DESCRIPTION OF THE TASK — Without including any pictures, reproduce the full listing exactly.

INPUT DATA —
********************
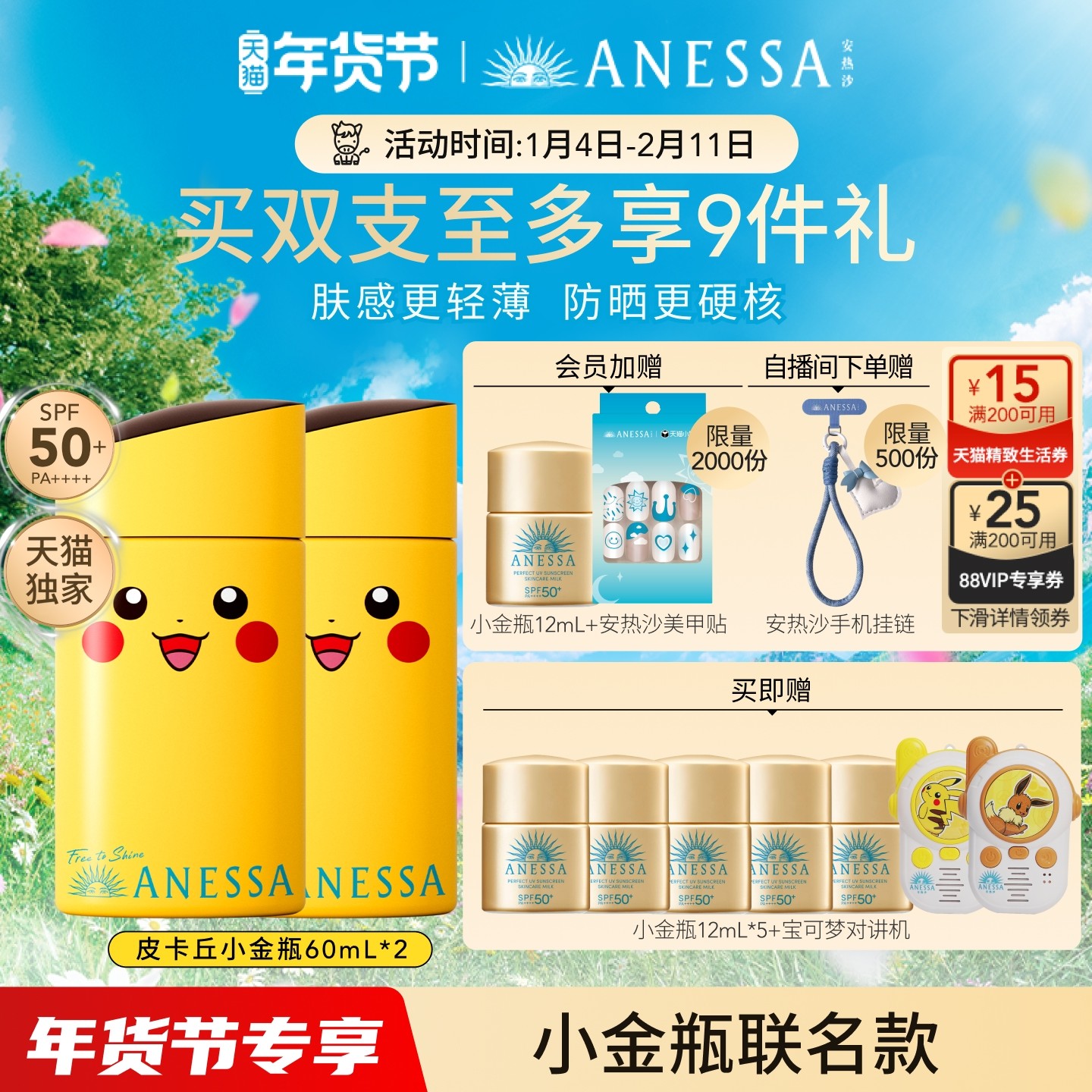 安热沙小金瓶防晒霜乳60ml*2高倍耐晒轻薄清爽防水
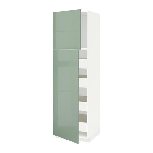 МЕТОД / ФОРВАРА Высокий шкаф/2дверцы/4ящика - белый, Калларп глянцевый светло-зеленый, 60x60x200 см
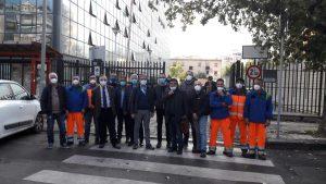 Il comune di Palermo, come forma di protesta, è presento sotto l'assessorato , con tre auto-compattatori.
********************
SOLUTION FOR THIS TASK —
 安热沙小金瓶防晒霜乳60ml*2高倍耐晒轻薄清爽防水
 МЕТОД / ФОРВАРА Высокий шкаф/2дверцы/4ящика - белый, Калларп глянцевый светло-зеленый, 60x60x200 см
 Il comune di Palermo, come forma di protesta, è presento sotto l'assessorato , con tre auto-compattatori.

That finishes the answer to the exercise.